UN ejército de barcas semihundidas, protegidas del naufragio por sus amarres, parpadean en la oscuridad del canal de Brouwersgracht. Dos jóvenes salen abrazados del Bruin Café Papeneiland, uno de los más antiguos de Ámsterdam. A pesar del frío intenso, se detienen para besarse junto a la cicatriz del canal. Cerca de ellos, el viento hace temblar las bicicletas encadenadas al puente Papiermolensluis.
—¿Vamos a tu casa? —pregunta él.
—Mis compañeras de piso organizan una fiesta esta noche. No estaríamos tranquilos.
—Pues a mi casa tampoco podemos ir. La novia de Bart ha venido a visitarlo y le prometí que no aparecería en toda la noche.
—Da igual —dice ella—. Me apetece dar un paseo.
Caminan abrazados, esquivando los coches aparcados junto al agua. Se cruzan con un hombre que pasea un perro y que, sin prestarles atención, se aleja bajo el paraguas de árboles.
En el canal de Prinsengracht chapotea una barcaza, pintada de rojo y negro. Es una de las muchas casas flotantes que desafían la humedad y el frío de Ámsterdam. Tiene una fila de ojos de buey sobre la línea de flotación y una pequeña terraza con un banco y tiestos de lavanda. Una de sus ventanas chirría, empujada por el viento.
—¿Estás pensando lo mismo que yo? —pregunta él.

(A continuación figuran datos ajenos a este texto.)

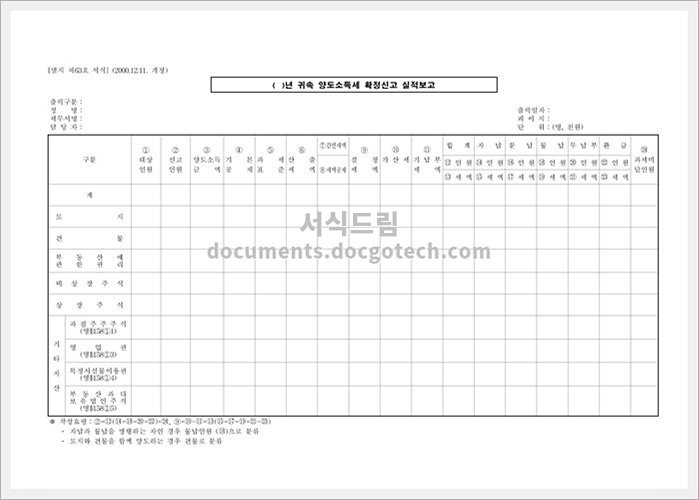 - 신고서 작성에 필요한 서류는 귀속 양도소득에 관련된 모든 정보 및 증빙자료를 포함해야 합니다. 이를 통해 세무청에서 귀속 양도소득세를 정확히 확정할 수 있습니다.

—¿Y si viene el dueño y nos descubre?
—No vendrá nadie a estas horas. Debe de ser un hotel para turistas… si aparece alguien, podemos decir que estábamos limpiando el barco.
—¿Y piensas que nos van a creer?
El joven acaricia los cabellos de la muchacha y le besa la nuca, para vencer su resistencia. Tras comprobar que nadie los mira, saltan a la gabarra y permanecen inmóviles hasta que la barcaza deja de zarandearse.
—Esto no me gusta nada —dice ella—. Mejor que nos vayamos.
Su novio no le hace caso. Asoma la cabeza por la ventana y pregunta si hay alguien en el interior. A continuación se sube al banco clavado en la terraza y entra por el ventanuco. Se oye un ruido seco, e instantes después la puerta se abre.
La joven insiste en que se vayan, pero él la arrastra hacia el interior. Descienden los escalones y exploran la gabarra, sin encender las luces. A pesar del techo relativamente bajo, el salón es amplio y tiene un gran sofá en forma de L. Sobre una estantería hay un televisor de pantalla plana y varias estatuillas de marfil.
El joven la sujeta por la cintura y empieza a besarla. Introduce una mano debajo de su blusa para desabrocharle el sujetador, pero detiene su avance al darse cuenta de que está temblando.
—¿Qué te pasa?
Ella señala con una mano hacia el extremo del salón. Colgada de una viga, una mujer balancea sus pies en el aire.